And the
explanation of this power, which unifies an otherwise incoherent
personality, is to be found, I am quite confident, in his burning hatred
of iniquity.
As a boy, like the poet Gray and the late Lord Salisbury, he suffered a
good deal of bullying, and thus learned at school something beyond the
reach of the Latin Grammar, namely, the brutality of human nature. He
has never forgotten that discovery. Indeed, his after-life has widened
and intensified that early lesson. Sin is brutality. It is selfishness
seeking its low pleasure and its base delight in vilest self-indulgence
involving the suffering of others, sometimes their profoundest
degradation, even their absolute destruction.

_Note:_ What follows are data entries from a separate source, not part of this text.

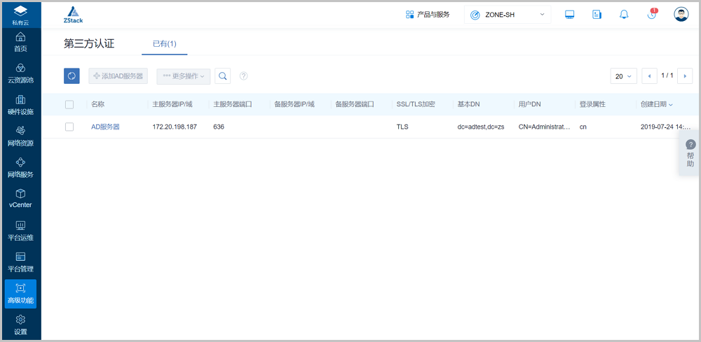 ZStack 3.5.2支持第三方认证对接,当成功添加AD服务器至云平台后,相应AD域中的全体用户以及组织架构会自动化批量导入至云平台,如图 1所示:
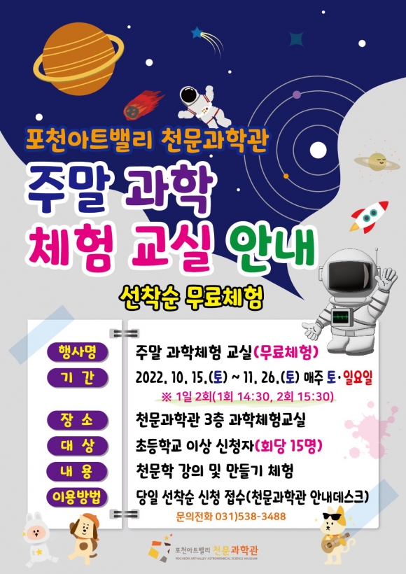 ÁÖ¸» °úÇÐüÇè±³½ÇÀº ½Ã¹ÎµéÀÇ Ãµ¹®°úÇÐ ÇÁ·Î±×·¥ ¿ä±¸¿¡ ºÎÀÀÇϰí Çб³³ª Àϻ󿡼 Á¢ÇÒ ¼ö ¾ø´Â Â÷º°ÈµÈ õ¹®°úÇÐ ÇÁ·Î±×·¥ üÇè ±âȸ¸¦ Á¦°øÇϱâ À§ÇØ ¸¶·ÃÇß´Ù.
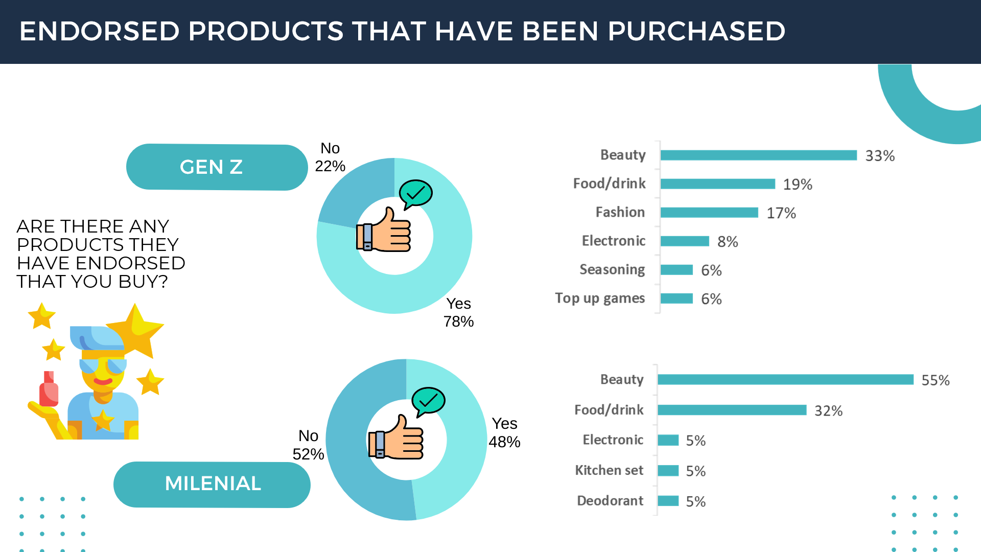 Endorsement from influencers is a form of support or promotion of a product or brand carried out by an influencer through social media platforms or other communication channels. An influencer is an individual who holds significant influence within a community or among their followers, especially on social media. In this article, we will explore the impact of social media influencers on consumer purchasing decisions, and we will also look at the differences in spending habits of Gen Z and Millennials. PT Global Loyalty Indonesia conducted a survey of 100 respondents to observe differences in the behavior of Generation Z and Millennials.
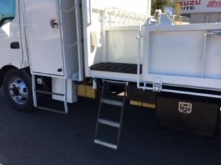 Drop Sides, Two way Tailgate, Access Steps, Large Chassis Toolbox, Sign Rack, Amber Beacons, Multi Hitch Tow Bar, Electric Trailer Brakes, Twin Fuel Tanks, Air Conditioning, Power Windows, Electric Mirrors,Dual SRS Airbags, 4 Cyclinder Turbo, 6 Speed manual, LOW KMS!!
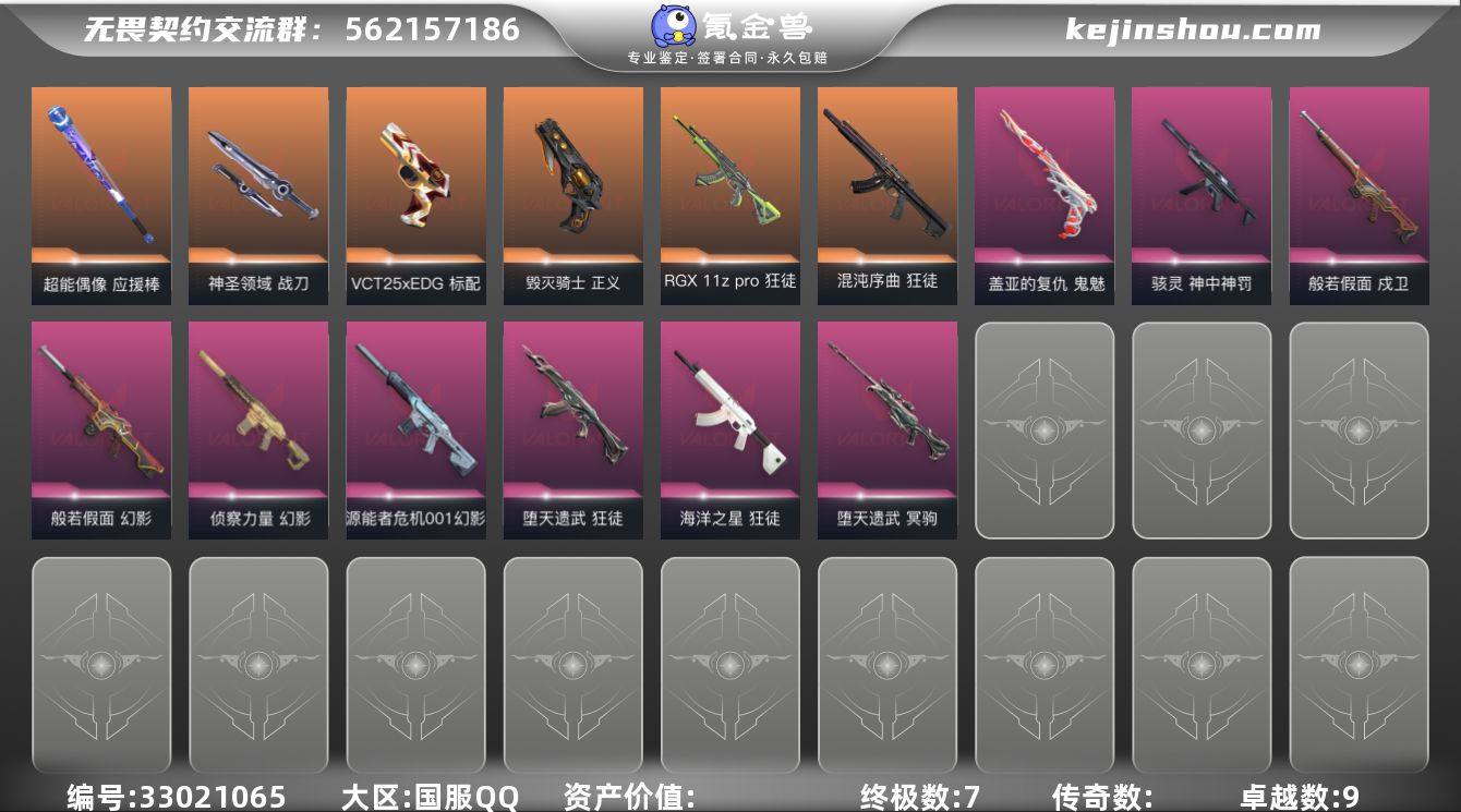 【英雄】:幻棱,炼狱,维斯,暮蝶,钛狐,壹决,铁臂,捷风,雷兹,幽影,不死鸟,贤者,猎枭,蝰蛇,零,芮娜,奇乐,尚勃勒,霓虹,斯凯,夜露,星礈,K/O,海神,盖可,黑梦,钢锁【近战武器】:近战武器-穿花蝴蝶,近战武器-超能偶像 应援棒,近战武器-神圣领域 战刀【狂徒】:狂徒-混沌序曲,狂徒-RGX 11z Pro,狂徒-堕天遗武,狂徒-海洋之星,狂徒-超能偶像【幻影】:幻影-般若假面,幻影-源能者危机001,幻影-侦察力量,幻影-超限闪存,幻影-神圣领域,幻影-聚合之力【戍卫】:戍卫-般若假面,戍卫-超能偶像,戍卫-浮光跃金,戍卫-月球哨兵【獠犬】:獠犬-神圣领域,獠犬-采蜜小蜂队,獠犬-模拟赫兹【冥驹】:冥驹-堕天遗武,冥驹-模拟赫兹,冥驹-星云暗涌【飞将】:飞将-聚合之力【莽侠】:莽侠-超限闪存,莽侠-月球哨兵【战神】:战神-神圣领域,战神-采蜜小蜂队,战神-浮光跃金【判官】:判官-超能偶像,判官-采蜜小蜂队【雄鹿】:雄鹿-模拟赫兹,雄鹿-月球哨兵【骇灵】:骇灵-神中神罚,骇灵-浮光跃金,骇灵-星云暗涌【蜂刺】:蜂刺-超限闪存,蜂刺-聚合之力,蜂刺-星云暗涌【标配】:标配-超能偶像,标配-浮光跃金【VCT手枪】:标配-VCT25 x EDG【正义】:正义-...

Particularly did he
experience this burning conviction when he came to understand the
well-nigh inconceivable brutality of sexual vice. I believe that it was
a poor harlot in the slums of London who first opened for him the door
of fanaticism.
He had longed as a schoolboy to hit back at his tyrants, and now in the
dawn of manhood that long repression made its weight felt in the blows
he showered on the face of evil. For a year or two he was a wild man of
evangelicalism, leading attacks on evil, challenging public attention,
seeking imprisonment, courting martyrdom. It was from the flaming
indignation of his soul that Mr. Stead took fire, and led a crusade
against impurity which shocked the conscience of the eighties.